采用热重、热重-红外联用及差示扫描量热法研究苦丁茶冬青叶多糖KPSⅢa的热稳定性。结果表明,苦丁茶冬青叶多糖在225℃以下只失去吸附水,在225~625℃间发生剧烈的裂解反应,产生水和二氧化碳;与肝素、淀粉、半乳糖及甲壳素的热分析比较,含有硫酸酯的苦丁茶冬青叶多糖和肝素的热稳定性较低,含氨基的甲壳素的热稳定性最好。说明苦丁茶冬青叶多糖在225℃以下相对稳定,不同的基团对多糖的热稳定性有很大影响。

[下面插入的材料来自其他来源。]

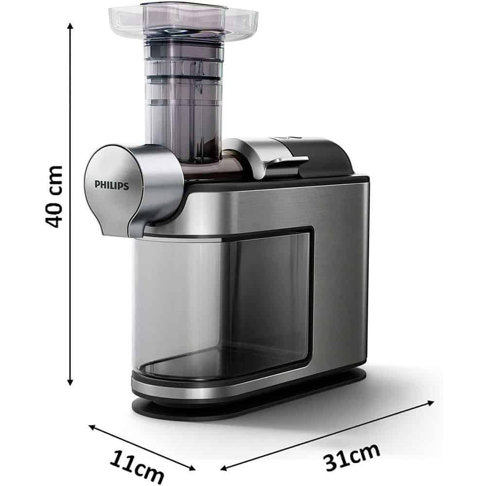 Nhờ thiết kế tối ưu với chiều rộng chỉ 11 cm, máy ép trái cây luôn sẵn sàng để sử dụng trên bề mặt làm việc của bạn. Có rất ít không gian lưu trữ hoặc không gian cần thiết để sử dụng máy ép trái cây và nó có thể dễ dàng chứa trong nhà bếp của bạn mà không cần thêm ngăn.

关键词: 苦丁茶冬青叶, 多糖, 热重, 热重-红外联用, 差示扫描量热法

Abstract:

The thermal decomposition of polysaccharide fraction KPS Ⅲa from leaves of Ilex kudingcha C. J. Tseng was studied by using thermogravimetry (TG), thermogravimetry-infrared (TG-IR) and differential scanning calorimetry (DSC) in N2. The results showed that the KPS Ⅲa is stable below 225 ℃ and only release a little of water. KPS Ⅲa is decomposed at 225 to 625℃ and release a great deal of water and carbon dioxide. Compared to galactose and starch, the thermal stability of the sulphated polysaccharide KPS Ⅲa and heparin are lower but the amino polysaccharide, chitin is higher. All these results demonstrated that the KPS Ⅲa is stable below 225 ℃, and different groups have great effects on the thermal stability of the polysaccharide.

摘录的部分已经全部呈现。